You can find me in the flower fields of the Netherlands, or just out in your backyard. 

 I inhabit a scent so vibrant not even the pollinating bees can grasp. 

Warda is my label and it shall be said with respect and appreciation. 

A name so delicate, strong, and free is often confused with such a vulgar word. “TERRORIST”. 

Now every time I hear that word I get a rush in my body that only occurs when I hear that word.  When I hear “TERRORIST” I feel as though I have lost a piece of me.  That bitter word is toxic to my roots, each time it is said one of my petals decay. Thou shall never be mistaken that after I lose a soft petal I am left with a bud that replenishes itself much stronger than the previous.  


Ter·ror·ist- A word you use to describe someone who uses unlawful violence. A word I use to describe Steven Paddock, some may use “lone wolf” but wolves travel in packs and have morals. Steven was traveling with rifles and nothing but his sick mindset.   


Terrorists are people who participated in the act of terror in Manchester, and London. Don’t you dare get that mixed up with my fellow Muslims.  

 A few hear the word Muslim and their faces flush with fear. 

Though it should be, when the word is said your mind is infused with Culture, Acceptance, Love, Equality, Struggle, and strength. 

To all my fellow buds of joy; 

Carry on with your beauty because what you have to offer shouldn’t be diminished by the chaos in the media.  

Beauty is your authentic name; Asiya, Ayesha, Zeynab- 

It is the way you wear that hijab so modestly.  



That is my name. 

Warda Sheikh, is a 16 year old Somali girl born and raised in Toronto.

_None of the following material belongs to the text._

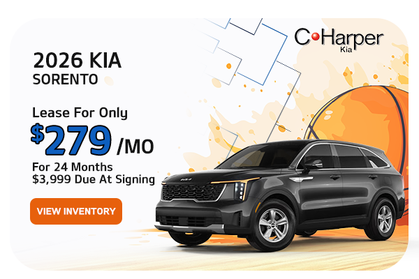 26 SORENTO S AWD – Lease $279/month, 24 months, 10K miles per year through KFA. $3999 down. Plus tax, dealer fees, state fees, and first payment. $0 Security deposit. Must qualify. Residency restrictions apply. See dealer for details. MULTIPLE AVAILABLE. Vehicle shown for illustrative purposes only. Sale ends 03/31/2026

Growing up, she has always had passion for writing. Short stories, rants, and poetry are her favourite way to releasing all her emotions and thoughts. Warda formulates pieces because of the way society makes her feel. Pieces about being black, woman, Muslims, and culture, are her specialties. She is an aspiring writer, and is well on her way to having her work recognized by the world.